Players are now better at putting their bodies between the ball and an opponent in an attempt to shield it while waiting for support to arrive, plus they can now hold players off at goal kicks in an attempt to take the ball down, rather than just head it away.

3.You’ll score more goals

…not because you’ve suddenly become a world-beater, but because your teammates are better at making runs.

Remember in previous games when you’d be running down the wing and your big centre-forward would come galloping out to join you like a spaniel in shinpads? Now the game is better at sending your teammates into useful spaces, or making runs to draw opposition defenders out and allowing others to find a few extra yards of empty pitch in which to work their magic.

They’ll even slow down or stop if they think it’ll help them create a chance. You just need to get the ball to them.

4.YOU’LL ENJOY SET-PIECES WAY MORE

FIFA 17 has a new set-piece system, which in theory will allow you to be more creative with your corners and free kicks.

At its most basic, you can now choose to either loft or whip your dead balls into the box, using a new on-pitch cursor system to aim them.

Take it up a level and you can take control of the receiving player, trying to lose your marker in the box before hitting B to instruct the corner-taker to deliver the ball.

5.You’ll need to practise penalties

Just like England have (hopefully) been doing, you’ll need to practise penalties before you play any big games on FIFA 17, because the way you take them has been completely overhauled.

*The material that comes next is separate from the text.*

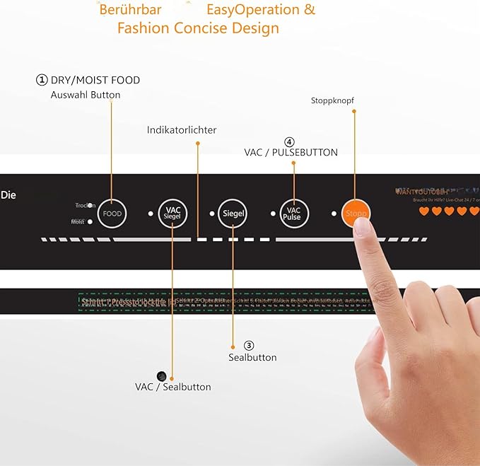 • Mega Simple – One-Touch Operation with Dual Modes: Enjoy one-touch automatic sealing in just 10-20 seconds. Choose between "Dry" mode for solid foods and "Moist" mode for poached or simmered dishes. Seal multiple bags at once with the 12-inch sealing wire, making food preservation quick and easy.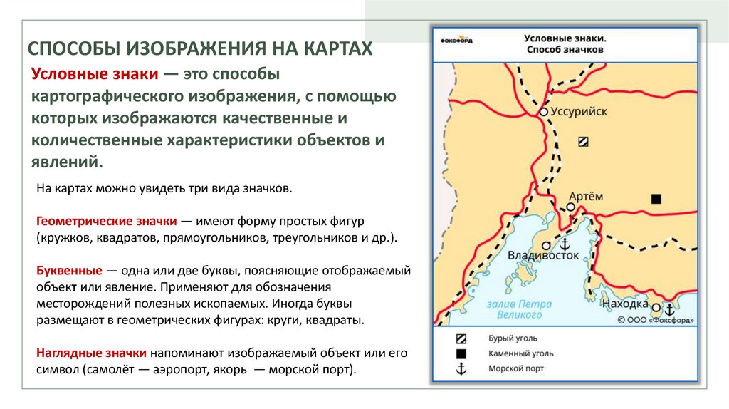 СПОСОБЫ ИЗОБРАЖЕНИЯ НА КАРТАХУсловные знаки — это способы

For the goalkeeper it’s no different, but penalty takers now have almost complete control over the run-up: rather than just choosing your power and direction (perhaps with a little stutter thrown in for good measure) you can now control the angle and speed of your approach to the ball – and it takes some serious getting used to.

All sounds exciting, eh? Well you won’t have to wait too long to play it, because FIFA 17 will be released on PlayStation 4 and Xbox One on 29 September.